• **WHAT YOU ARE ASKED TO DO**: The following entries should be restated word for word, pictures excluded.

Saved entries
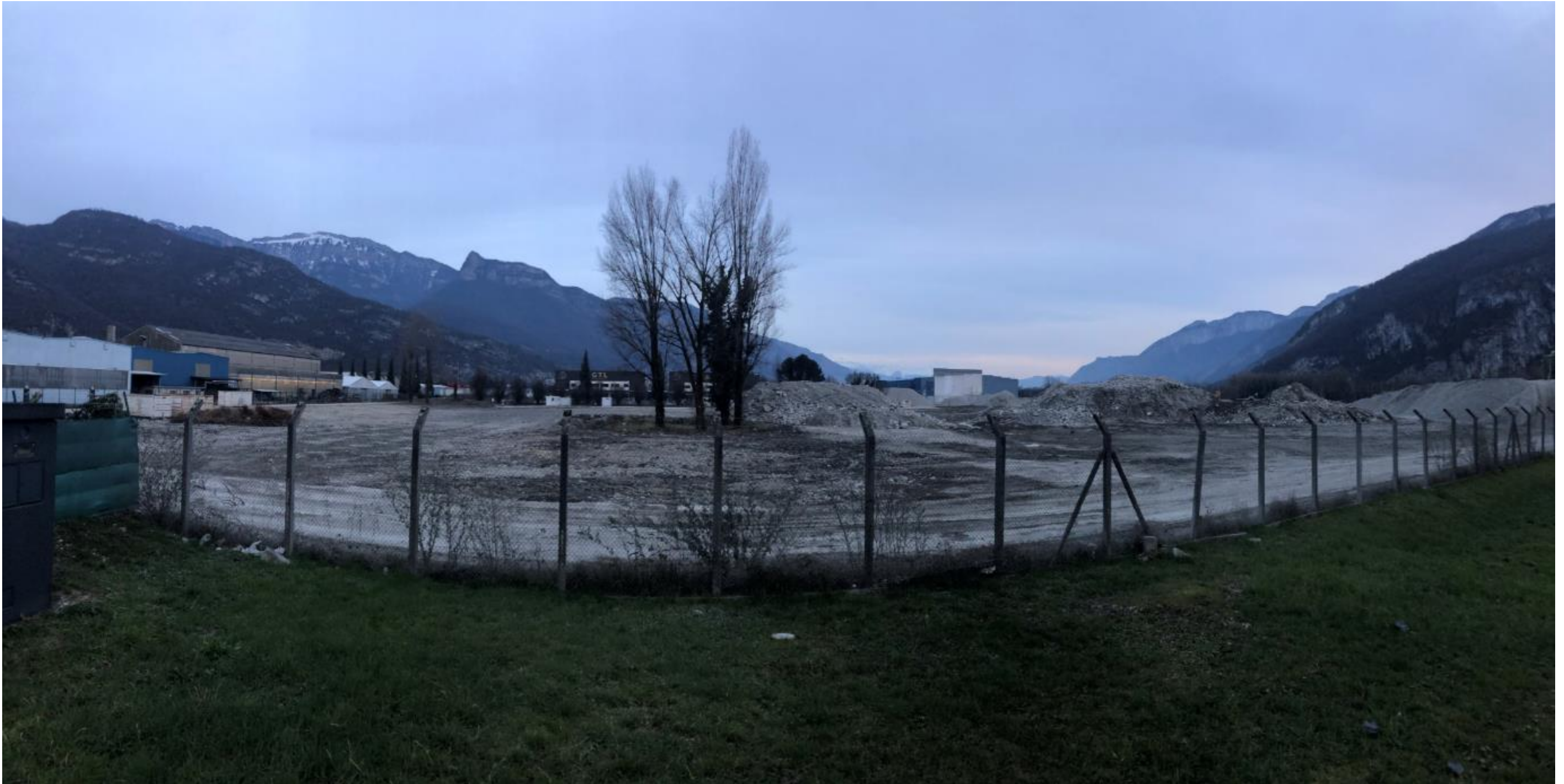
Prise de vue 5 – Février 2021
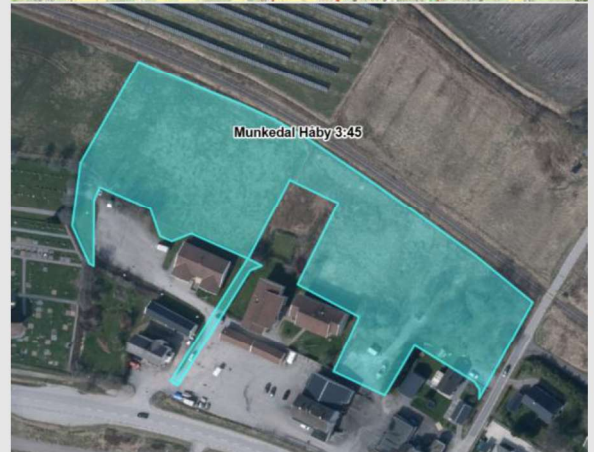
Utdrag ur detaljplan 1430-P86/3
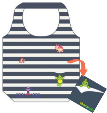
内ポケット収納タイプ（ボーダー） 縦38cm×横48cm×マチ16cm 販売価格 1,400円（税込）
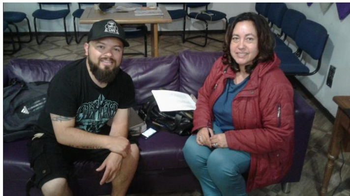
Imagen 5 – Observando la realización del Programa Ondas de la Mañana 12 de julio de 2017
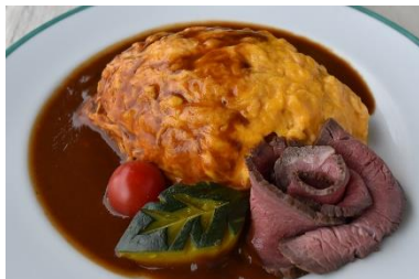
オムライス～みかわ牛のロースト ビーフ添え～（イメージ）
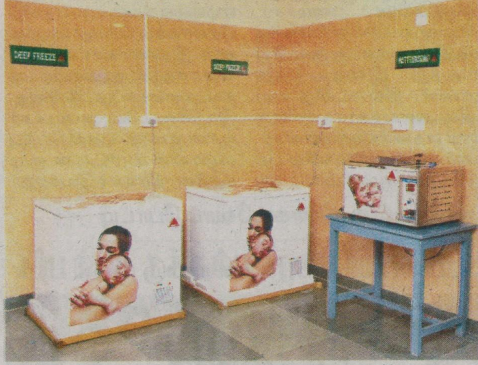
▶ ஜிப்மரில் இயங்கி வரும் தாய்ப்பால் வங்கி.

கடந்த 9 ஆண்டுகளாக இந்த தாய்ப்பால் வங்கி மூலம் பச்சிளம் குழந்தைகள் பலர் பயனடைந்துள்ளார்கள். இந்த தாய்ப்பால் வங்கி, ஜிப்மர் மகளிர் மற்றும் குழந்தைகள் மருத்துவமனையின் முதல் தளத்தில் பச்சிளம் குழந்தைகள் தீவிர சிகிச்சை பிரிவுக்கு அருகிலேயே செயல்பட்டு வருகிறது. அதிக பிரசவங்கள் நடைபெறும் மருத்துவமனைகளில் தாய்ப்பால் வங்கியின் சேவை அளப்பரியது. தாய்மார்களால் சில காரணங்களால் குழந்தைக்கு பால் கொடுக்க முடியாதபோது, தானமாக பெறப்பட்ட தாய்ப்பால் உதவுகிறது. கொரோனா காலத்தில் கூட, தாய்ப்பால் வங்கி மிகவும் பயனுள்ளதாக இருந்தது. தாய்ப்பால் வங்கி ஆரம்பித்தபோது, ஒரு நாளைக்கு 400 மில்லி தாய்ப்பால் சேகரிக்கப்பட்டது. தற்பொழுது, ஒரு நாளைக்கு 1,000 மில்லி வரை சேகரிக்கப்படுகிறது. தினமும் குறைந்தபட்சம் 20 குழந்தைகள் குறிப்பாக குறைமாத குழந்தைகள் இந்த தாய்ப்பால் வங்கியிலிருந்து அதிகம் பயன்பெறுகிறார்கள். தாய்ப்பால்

• **SOLUTION**:
Prise de vue 5 – Février 2021
Utdrag ur detaljplan 1430-P86/3
内ポケット収納タイプ（ボーダー） 縦38cm×横48cm×マチ16cm 販売価格 1,400円（税込）
Imagen 5 – Observando la realización del Programa Ondas de la Mañana 12 de julio de 2017
オムライス～みかわ牛のロースト ビーフ添え～（イメージ）
▶ ஜிப்மரில் இயங்கி வரும் தாய்ப்பால் வங்கி.

கடந்த 9 ஆண்டுகளாக இந்த தாய்ப்பால் வங்கி மூலம் பச்சிளம் குழந்தைகள் பலர் பயனடைந்துள்ளார்கள். இந்த தாய்ப்பால் வங்கி, ஜிப்மர் மகளிர் மற்றும் குழந்தைகள் மருத்துவமனையின் முதல் தளத்தில் பச்சிளம் குழந்தைகள் தீவிர சிகிச்சை பிரிவுக்கு அருகிலேயே செயல்பட்டு வருகிறது. அதிக பிரசவங்கள் நடைபெறும் மருத்துவமனைகளில் தாய்ப்பால் வங்கியின் சேவை அளப்பரியது. தாய்மார்களால் சில காரணங்களால் குழந்தைக்கு பால் கொடுக்க முடியாதபோது, தானமாக பெறப்பட்ட தாய்ப்பால் உதவுகிறது. கொரோனா காலத்தில் கூட, தாய்ப்பால் வங்கி மிகவும் பயனுள்ளதாக இருந்தது. தாய்ப்பால் வங்கி ஆரம்பித்தபோது, ஒரு நாளைக்கு 400 மில்லி தாய்ப்பால் சேகரிக்கப்பட்டது. தற்பொழுது, ஒரு நாளைக்கு 1,000 மில்லி வரை சேகரிக்கப்படுகிறது. தினமும் குறைந்தபட்சம் 20 குழந்தைகள் குறிப்பாக குறைமாத குழந்தைகள் இந்த தாய்ப்பால் வங்கியிலிருந்து அதிகம் பயன்பெறுகிறார்கள். தாய்ப்பால்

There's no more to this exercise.